Perception-retrieval overlap (PRO)
We asked whether, within each MTL cortex ROI (PRC, PHC), successful recall of a particular content is predicted, across voxels, by content tuning during perception. In that case, within PRC, there should be a positive correlation such that voxels that show stronger tuning to objects compared to scenes during perception should also be more engaged during successful compared to unsuccessful object recall. Similarly, within PHC, there should be a positive correlation such that voxels that show stronger tuning to scenes compared to objects during perception should be more engaged during successful compared to unsuccessful scene recall. This should be reflected in an across-voxel correlation of the effect sizes of the respective perception and recall contrasts, which we tested in the following way: We computed, for each participant, four t contrast images: (1, 2) the between-content perception contrasts from the encoding phase [objects > scenes (O > S), computed as (OR + OF) > (SR + SF), and scenes > objects (S > O), computed as (SR + SF) > (OR + OF), irrespective of subsequent memory outcome]; (3) the within-content recall contrast for objects from the retrieval phase (OR > OF); (4), the within-content recall contrast for scenes from the retrieval phase (SR > SF). t values across voxels were then vectorized for each participant and ROI. The PRO for objects (PRO-O) was defined as the Pearson correlation coefficient between the object perception contrast t values (O > S) and the object recall contrast t values (OR > OF).

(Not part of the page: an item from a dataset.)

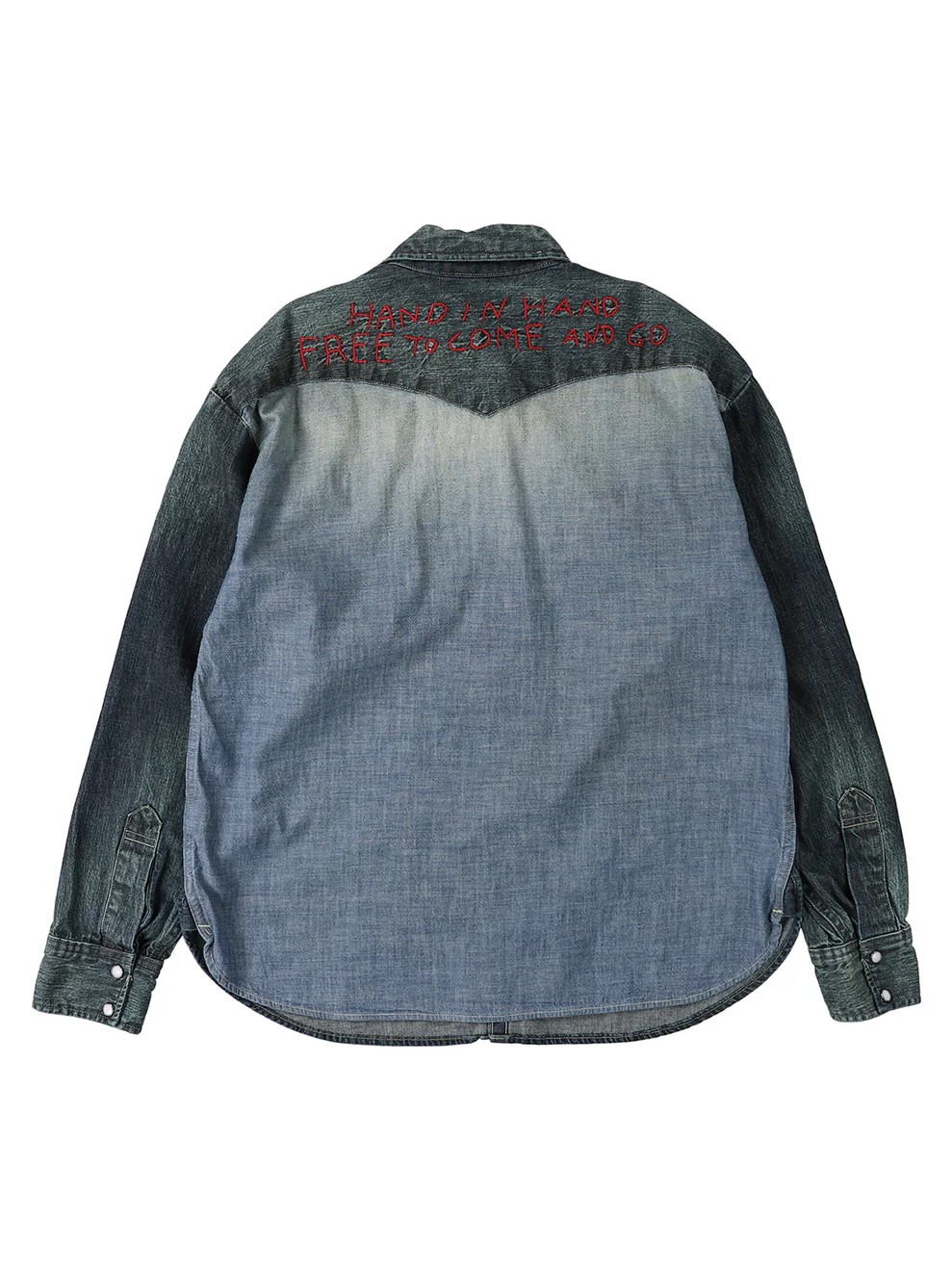 The 8oz Denim Western Shirt by Denim Dungaree is crafted from premium Zimbabwean cotton, providing a natural fade and a subtle sheen that enhances its visual depth. This Western shirt features a distinctive construction where the back is made of chambray, offering a striking contrast to the denim front. The design is further elevated by embroidery on the back yoke that is engineered to develop a unique, wrinkled character over time. It also include a chest pocket and snap buttons for all but the top closure.

Likewise, the PRO for scenes (PRO-S) was defined as the Pearson correlation coefficient between the scenes perception contrast (S > O) and the scene recall contrast (SR > SF). Note that we only included voxels with positive values in the perception contrast (O > S for PRO-O, S > O for PRO-S) in this analysis to ensure that correlations are carried by voxels tuned to objects rather than scenes for PRO-O, and to scenes rather than objects for PRO-S. To ensure that these correlations would capture local rather than cross-hemispheric topographical relationships, the correlation coefficients were computed in left and right ROIs separately, then Fisher z-transformed and averaged. The resulting values were submitted to a two-way repeated-measures ANOVA with the factors region (PRC, PHC) and correlation type (PRO-O, PRO-S), and followed up with two-sample and one-sample t tests.
One possible concern is that PRO might be biased by temporal autocorrelations, which are greater within a run than between runs. Note though that the task consists of four functional runs, with two object- and two scene-only runs in alternating order. Each run contains an encoding and retrieval phase. Thus, in PRO, we correlate a contrast containing data from all four runs (O vs S from all encoding phases) with contrasts containing data from only two runs (PRO-O: OR > OF; PRO-S: SR > SF). Consequently, both PRO-O and PRO-S correlate a contrast spanning all four runs with a contrast spanning two runs, making the overall temporal distance between contrasts equal. Moreover, whereas any bias arising from temporal autocorrelation would have similar impact across brain regions, we expect opposing patterns of PRO-O and PRO-S in PRC and PHC.
Control analysis 1: specificity
In the above analysis, we correlate, across voxels of each ROI, the object perception contrast with the object recall contrast for PRO-O, and the scene perception contrast with the scene recall contrast for PRO-S. Importantly, we use only voxels with positive values in the perception contrast, i.e., object-selective voxels for PRO-O and scene-selective voxels for PRO-S. We expect positive values for PRO-O but not PRO-S in PRC, and for PRO-S but not PRO-O in PHC. However, one might argue that such results lack specificity: The object perception contrast in PRC may not only correlate with object recall (PRO-O), but also with scene recall. Similarly, the scene perception contrast in PHC may not only correlate with scene recall (PRO-S), but also object recall. This would indicate a non-specific relationship between perception and recall such that stronger content tuning during perception would predict stronger recall effects for either content. To control for this, we additionally computed the correlation between the object perception contrast (O > S, positive voxels only) and the scene recall contrast (SR > SF) for PRC, and the correlation between the scene perception contrast (S > O, positive voxels only) and the object recall contrast (OR > OF) for PHC.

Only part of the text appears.